Dans sa critique, Roger Ebert a noté que le scénario de “Mimic”, écrit par Guillermo del Toro et la légende hollywoodienne Matthew Robbins, était grêlé des atours habituels du genre des films de monstres. En effet, Ebert a commencé son article en affirmant que “Mimic” était essentiellement le même film que d’autres films d’horreur alors récents comme “Event Horizon” et “The Relic”, dans le sens où ils concernaient tous des gens rampant imprudemment dans des couloirs sombres tandis qu’un monstre ineffable les traquait et les tuait un par un. Il a observé que dans de tels films, le monstre – expliqué par les formes les plus subtiles de la pseudoscience – « surgit de sa cachette (sur les victimes) d’une manière connue depuis longtemps des techniciens d’effets spéciaux ».

Mais ensuite, Ebert a reconnu que les ambitions de « Mimic » étaient loin d’être du domaine de l’innovation. De toute évidence, del Toro voulait faire un film à sensations fortes et effrayant à l’ancienne qui n’était pas tellement différent de ses voisins de genre mais simplement meilleur. Comme le dit Ebert :

“‘Mimic’ est supérieur à la plupart de ses cousins ​​et a été réalisé avec style par Guillermo del Toro, dont le sens visuel ajoute une certaine texture qui rend tout plus effrayant et plus efficace. Ce n’est pas souvent qu’un film comme celui-ci peut m’effrayer, mais j’ai été surpris de voir à quel point ‘Mimic’ est efficace. (…) Tout cela est assez standard. L’originalité est dans les détails. “

Ebert a ajouté qu’il aimait vraiment les scènes où les gens mettaient imprudemment leurs mains dans des trous sombres, permettant à un insecte de les mordre (quelque chose dont il se souvenait de “Cronos” quelques années plus tôt). Il a également apprécié les moments où les enfants explorent les tunnels sombres de New York à la recherche d’insectes et surtout Chuy (Alexander Goodwin), un personnage qui clique sur des cuillères pour imiter le cliquetis des monstres insectes.

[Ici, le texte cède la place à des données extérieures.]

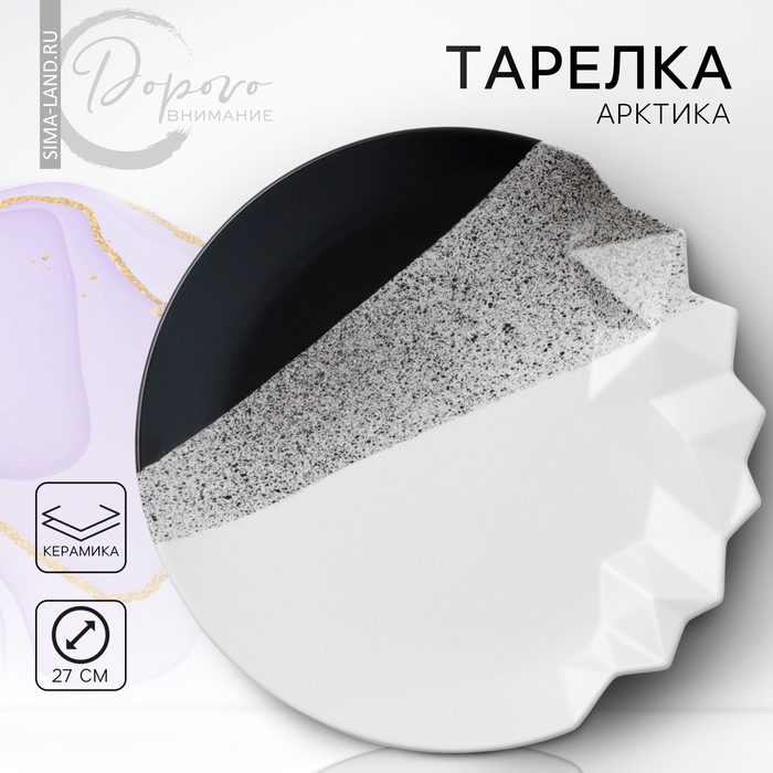 Тарелка керамическая «Снежные горы», 27 см, цвет чёрно-белый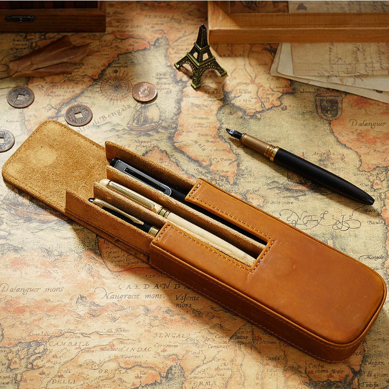 Wholesale Crazy Horse Leather 3-Pack Handmade Magnetic Drawer Pen Bag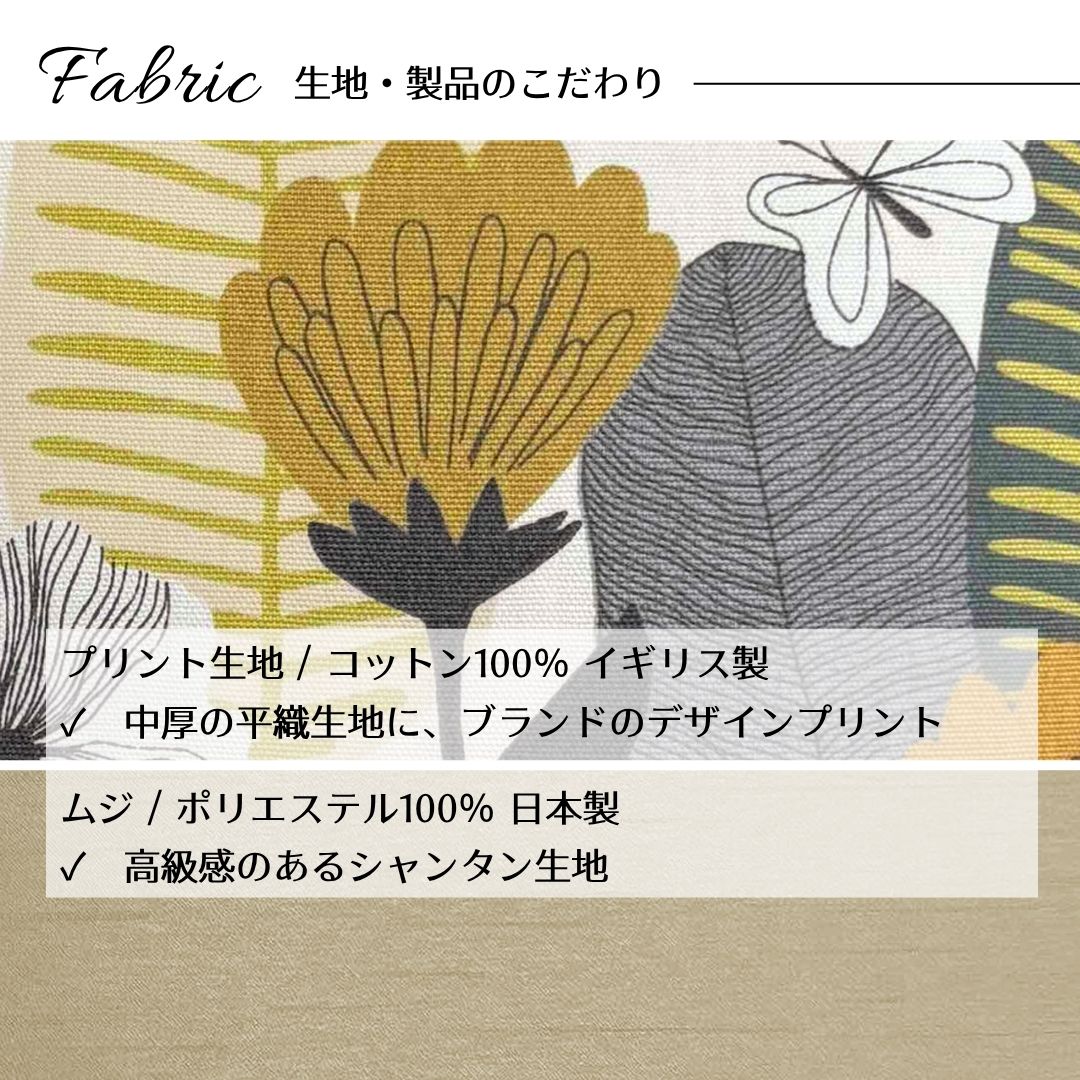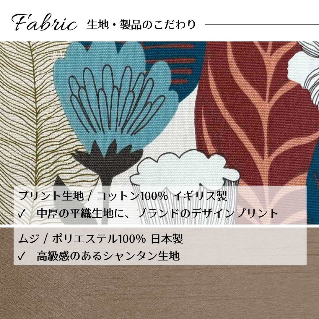 ●西欧のプリントは発色(色の美しさ)を第一に考えて作られているため、顔料プリントという手法で染めています。顔料プリントは、色が美しく表現できる反面、色移り、色落ちには弱い特性があります。白い椅子やソファ、衣類でのご使用、長時間の直射日光のあたる場所でのご使用の際は色落ち、色移りの可能性がありますので、ご注意、ご了承ください。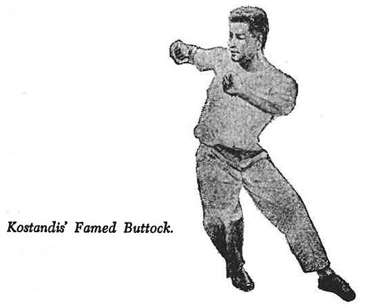 The student is first taught how to harden his buttocks. In standing and walking, he holds a coin between the parts which are pinched inward. This trick learned, the novice spends an hour a day banging his butt against a huge sandbag. […] The force generated is immense, and I saw many students actually thrown into the air by the swift undulation of an attacker’s buttock.7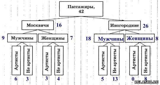 В салоне небольшого самолёта летят 42 пассажира. Некоторые из них москвичи, остальные иногородние. Среди москвичей 9 мужчин. Некоторые из пассажиров артисты, но ни одна из иногородних женщин не является артисткой. Всего иногородних мужчин 18. Из них 13 – не артисты. Среди пассажиров, не являющихся артистами, 16 мужчин и 11 женщин. 6 москвичей не артисты.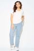 Джинсы представляют собой зауженные к низу брюки со средней посадкой. Они оснащены застежкой на молнию и пуговицы, а также карманом в боковом шве. Сзади пояс дополнен резинкой для удобной посадки.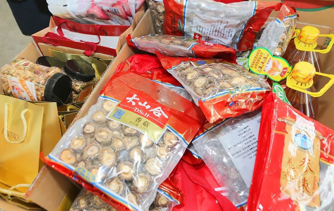 近千平米的空间里,酒水、坚果、糖果、肉脯、山产干货、大米粮油、茶叶、模型礼盒等各类年货可谓是应有尽有,几千箱过年物资满满当当,摞出了一道道“年货墙”。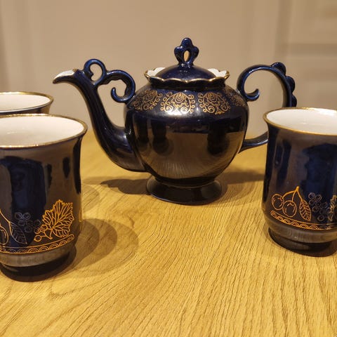 Vintage porselensett fra USSR. Kaffe-/tekanne og vase – vintage porselen.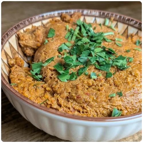 Roasted red pepper and walnut dip, sweetened with pomegranate molasses and spiced with shatta - contains saltine crackers)

Mimic a aussi un excellent casting

De plus, “Mimic” présente un casting impressionnant dans tous les domaines. Le mari à l’écran de Mira Sorvino est interprété par l’acteur britannique fiable Jeremy Northam, tandis que Josh Brolin incarne le jeune assistant de Northam. De plus, F. Murray Abraham incarne l’ancien mentor de Sorvino, tandis que Charles S. Dutton incarne un agent de sécurité avisé. Gardez également un œil sur Norman Reedus et la star italienne Giancarlo Giannini. De plus, “Mimic” était la première fois que Guillermo del Toro a travaillé avec Doug Jonesqui a joué l’un des monstres. Depuis, le couple a collaboré à plusieurs autres occasions. Cependant, le film a marqué la première et la dernière fois que del Toro a travaillé avec le producteur en disgrâce Harvey Weinsteinalors qu’ils se sont battus lors de sa production.

Ebert a conclu sa critique en écrivant :

“Del Toro est un réalisateur doté d’un véritable sens visuel, avec une façon de nous entraîner dans son histoire et d’évoquer l’ambiance avec l’aspect et la texture même de ses plans. Il prend les ingrédients standards et les présente si efficacement que ‘Mimic’ donne à l’ancien un aspect nouveau, frais et effrayant.”

Notamment, del Toro a également inclus une scène d’autopsie effrayante dans “Mimic”, et cela deviendrait un motif qu’il répéterait dans des films comme “Blade II”, “Frankenstein” et “Pacific Rim” (un peu). Le mec adore trancher les monstres morts.

D’autres critiques étaient également vaguement positives sur “Mimic”. Carol Buckland, écrivant pour CNNa estimé que c’était agréable et tortueux et qu’il contenait suffisamment d’images de cafards effrayantes pour surprendre la plupart du public. Revue du montage du réalisateur pour IGN en 2011, cependant, RL Shaffer a trouvé que « Mimic » était dérivé. Bien que Del Toro soit peut-être styliste, Shaffer a estimé qu’il s’inspirait principalement de David Cronenberg et de Ridley Scott pour ce film. Dans l’ensemble, Ebert était donc la personne aberrante qui était réellement enthousiasmée par « Mimic ».